Ten months later, I have a formal diagnosis, have been on and off eight different medications (including a vast array of nontraditional treatments), changed my lifestyle and diet, was forced to leave my job in the emergency department, and I am still recovering.  During this period I have also suffered a relapse, which meant 6 weeks at home confined to my bed, with such profound exhaustion that carrying a 30-minute conversation was impossible.

This relapsing-remitting course, both on a scale of weeks-to-months, but also from day-to-day, has been challenging to navigate and explain to my community. The majority of people who see me do so when I’m well enough to leave my home, and are unable to see the tremendous effort I have to put forth – every conversation, every meal together, every hour of attention to my loved ones – comes at a cost, and the omnipresent fear of causing a flare or a relapse and a resurgence of severe fatigue, insomnia, and ‘brain-fog’. And even more challenging is that on the surface, I “appear” normal.   

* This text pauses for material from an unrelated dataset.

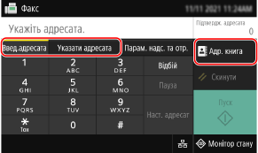 Зазначення адресатівВведіть номер факсу за допомогою клавіш із цифрами чи виберіть зареєстроване місце призначення.

Because of this, long-haul COVID like many other illnesses, is a road you inevitably walk alone.

Here, in the depths of isolation, I encountered a battle with control- If you pace yourself, eat the perfect diet, stick to an exercise regimen where you do just enough but never too much, stop working, eliminate all stress, long-COVID sometimes obliges with relief for a few hours or a few days.  I recognized the beginnings of a toxic relationship– one that demands perfection in a way that life does not possibly allow.    

With this recognition, I realized I had a choice- continue to fight for control or surrender into compassion and forgiveness for those moments where life and being the perfect patient disagreed. And then – slowly, I began to grow.   

Now, when I think of everything I have lost – my work, snowboarding with my family, running over the Williamsburg bridge, hiking for days, dancing my heart out, hot yoga, my amazing community, travel --- I can’t help but see everything I have gained.  

I have learned how to be still. I have discovered what it means to grieve with my full being. I have seen who I am without all that I do – and I have learned that I love that person.  I have gotten a small glimpse at what people know when they are nearing the end of their life – how much tenderness, honestly, love, wisdom, gratitude, and humility exists– only when we are confronted with the fact that we all will die one day. 

These lessons are invaluable, and undoubtedly ones I will relearn and revisit for the remainder of my life.  And for that reason, I would not change these past 10 months, and why this seemingly tragic story has a happy ending. The icing on this COVID-cake is that I am slowly starting to learn what I need to improve, and I am slowly starting to improve.

I would like to extend an offer to speak with anyone who is suffering from long-haul COVID or to their loved ones who may need support. Also, if you are a clinician and would like to learn more about this illness in your clinical practice, I would be more than happy to schedule time to chat. 


When we can be together with love and understanding, we are collectively better.